Видя интерес ученика к делу, Гирландайо вынул из стола еще два своих рисунка: на одном из них с грубоватой силой была вылеплена почти в натуральную величину голова мужчины лет тридцати, с гладкими полными щеками, с задумчивым взглядом широко открытых глаз и эффектно разметавшимися волосами; второй рисунок изображал обряд крещения в римской базилике и был превосходно выполнен по композиции.
— Великолепно! — проговорил Микеланджело, потянувшись к листу. — Вы овладели буквально всем, чему только мог научить Мазаччо.
Смуглое лицо Гирландайо побледнело — должен ли он обидеться на то, что его расценивают как некоего подражателя и копииста? Но в голосе мальчика звучала такая гордость! И при мысли, что желторотый ученик отваживается на похвалы учителю, Гирландайо стало смешно.

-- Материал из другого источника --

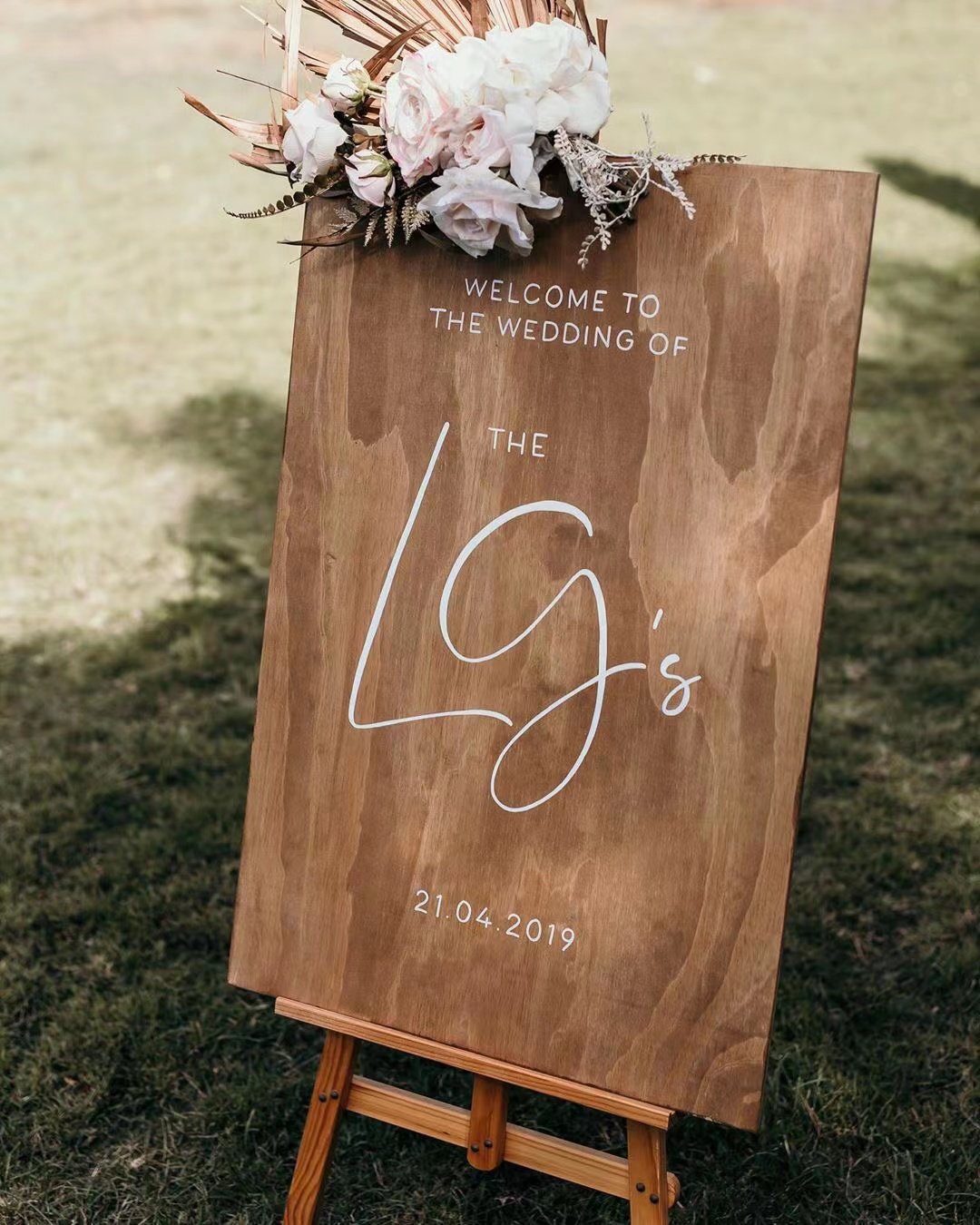 木质户外婚礼木板迎宾牌草坪婚宴森系欢迎牌布置装饰婚庆道具定制

— Сами по себе рисунки ничего не значат, — сказал он, забирая их у Микеланджело. — Важна лишь написанная фреска. А эти листы я уничтожу.
За дверью мастерской послышались голоса Чьеко и Бальдинелли. Ученики еще не успели войти, как Гирландайо поднялся из-за стола, а Микеланджело спрятал перо и наброски, живо убрал со стола серию рисунков «Избиение младенцев», связал их в пачку и отнес на место.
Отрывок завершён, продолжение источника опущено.